*** Entries provided ***

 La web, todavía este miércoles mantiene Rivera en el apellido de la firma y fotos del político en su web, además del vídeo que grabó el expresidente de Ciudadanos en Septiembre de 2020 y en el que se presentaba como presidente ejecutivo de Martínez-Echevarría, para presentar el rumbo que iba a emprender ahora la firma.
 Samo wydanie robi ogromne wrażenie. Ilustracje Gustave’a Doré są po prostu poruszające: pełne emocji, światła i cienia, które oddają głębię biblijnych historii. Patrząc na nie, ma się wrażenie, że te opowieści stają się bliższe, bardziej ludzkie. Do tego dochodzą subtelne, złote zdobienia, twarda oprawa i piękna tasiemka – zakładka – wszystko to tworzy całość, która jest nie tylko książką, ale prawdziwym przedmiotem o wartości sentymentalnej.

***
*** Entries provided ***

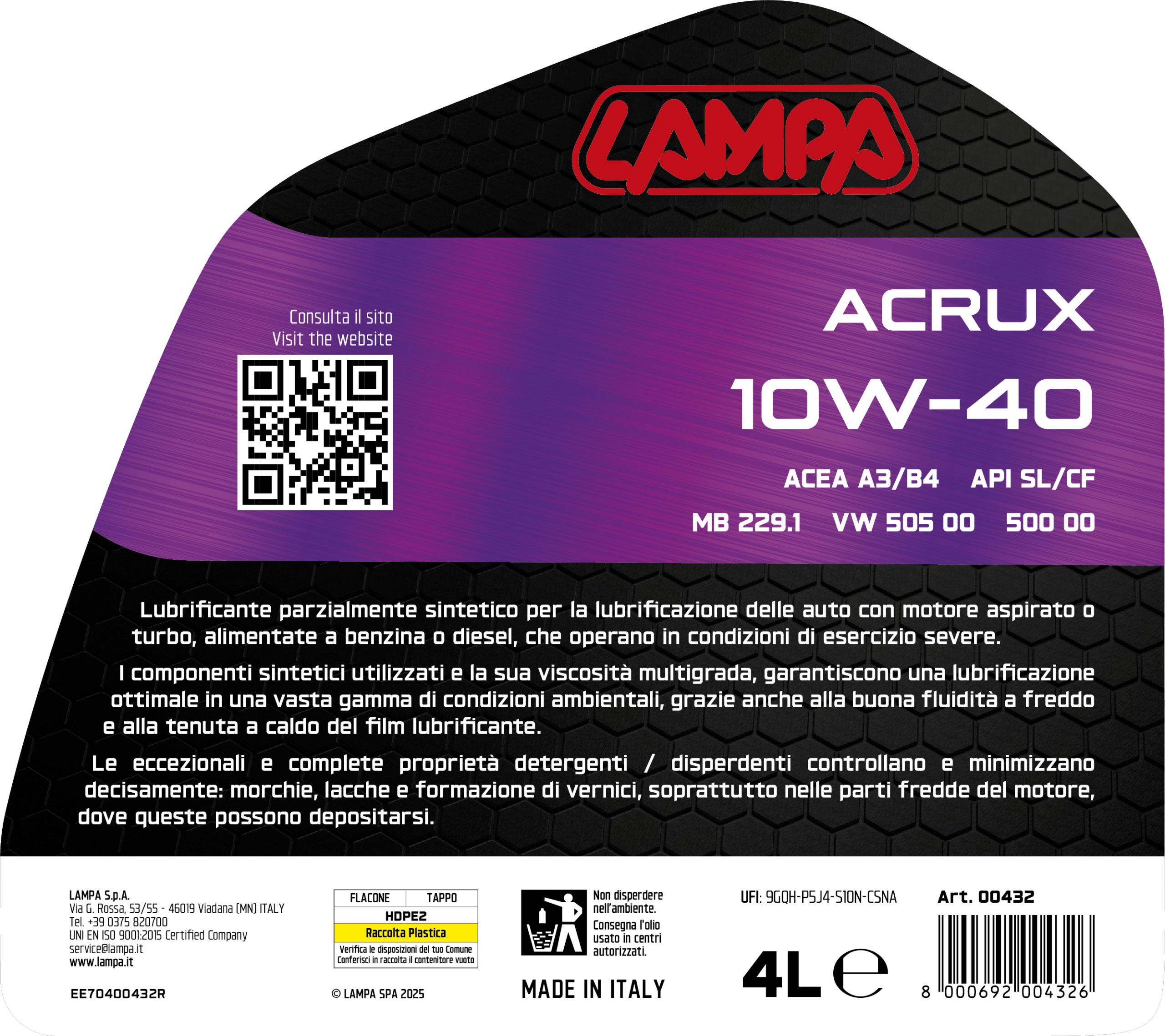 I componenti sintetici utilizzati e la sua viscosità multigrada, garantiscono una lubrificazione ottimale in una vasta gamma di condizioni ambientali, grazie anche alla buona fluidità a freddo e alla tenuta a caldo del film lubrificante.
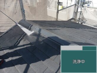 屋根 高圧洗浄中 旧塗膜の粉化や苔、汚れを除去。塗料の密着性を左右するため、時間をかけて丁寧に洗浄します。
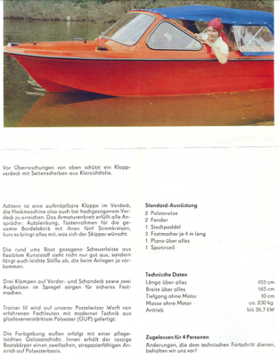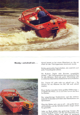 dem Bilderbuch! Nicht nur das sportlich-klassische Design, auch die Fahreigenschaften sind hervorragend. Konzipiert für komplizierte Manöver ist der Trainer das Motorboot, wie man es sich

***
*** Entries provided ***

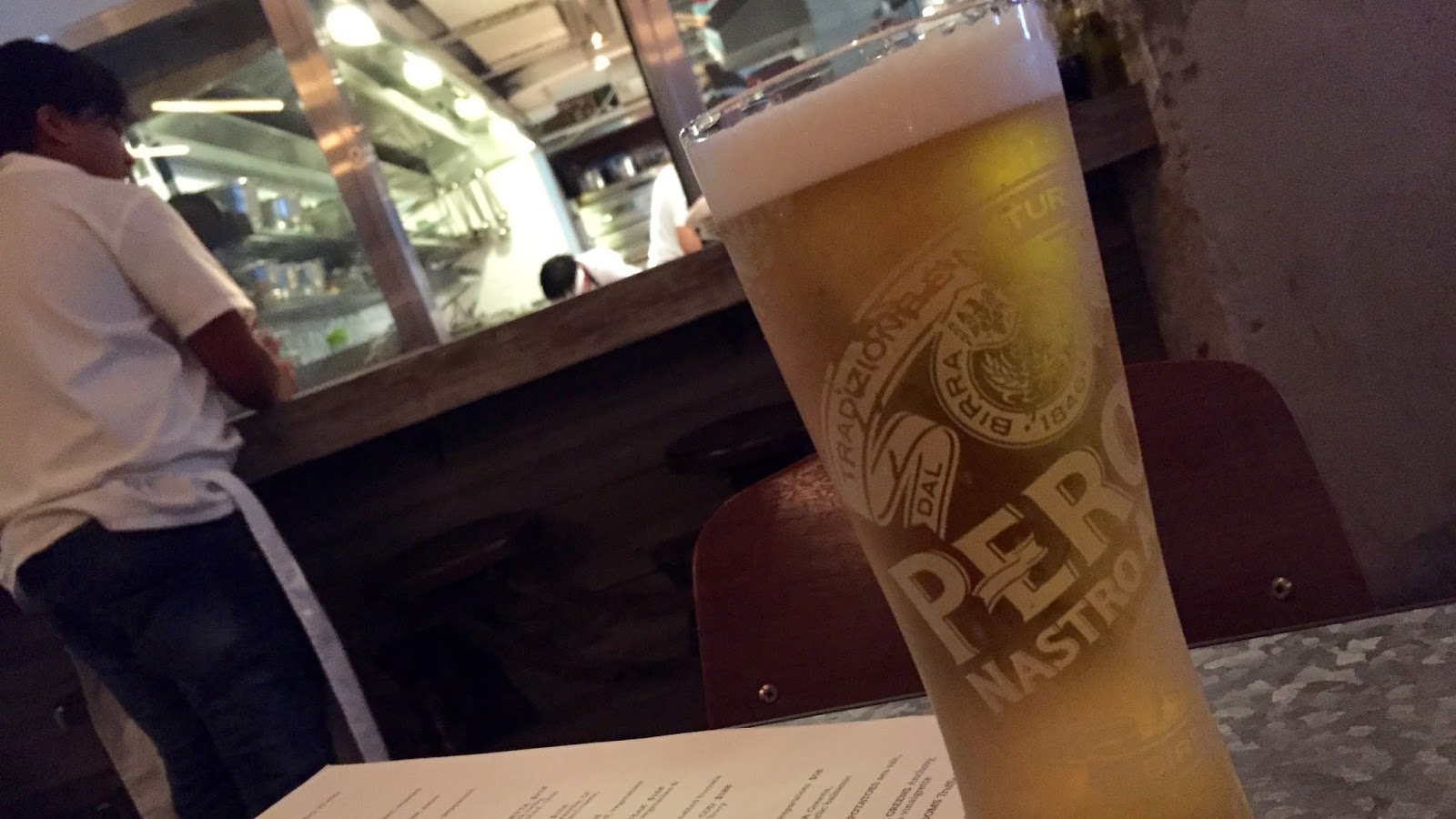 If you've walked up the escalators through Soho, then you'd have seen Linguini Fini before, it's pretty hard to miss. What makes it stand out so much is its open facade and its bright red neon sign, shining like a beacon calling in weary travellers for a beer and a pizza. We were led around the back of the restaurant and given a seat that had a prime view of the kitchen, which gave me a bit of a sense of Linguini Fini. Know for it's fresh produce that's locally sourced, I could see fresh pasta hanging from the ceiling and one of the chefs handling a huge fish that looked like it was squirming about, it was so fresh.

***

Goal of the exercise >> As listed above, the lines from the line with "La web, todavía" to the line with "Samo wydanie robi" are to be echoed exactly, with both ends included and nothing added.

Solution to this problem >>
 La web, todavía este miércoles mantiene Rivera en el apellido de la firma y fotos del político en su web, además del vídeo que grabó el expresidente de Ciudadanos en Septiembre de 2020 y en el que se presentaba como presidente ejecutivo de Martínez-Echevarría, para presentar el rumbo que iba a emprender ahora la firma.
 Samo wydanie robi ogromne wrażenie. Ilustracje Gustave’a Doré są po prostu poruszające: pełne emocji, światła i cienia, które oddają głębię biblijnych historii. Patrząc na nie, ma się wrażenie, że te opowieści stają się bliższe, bardziej ludzkie. Do tego dochodzą subtelne, złote zdobienia, twarda oprawa i piękna tasiemka – zakładka – wszystko to tworzy całość, która jest nie tylko książką, ale prawdziwym przedmiotem o wartości sentymentalnej.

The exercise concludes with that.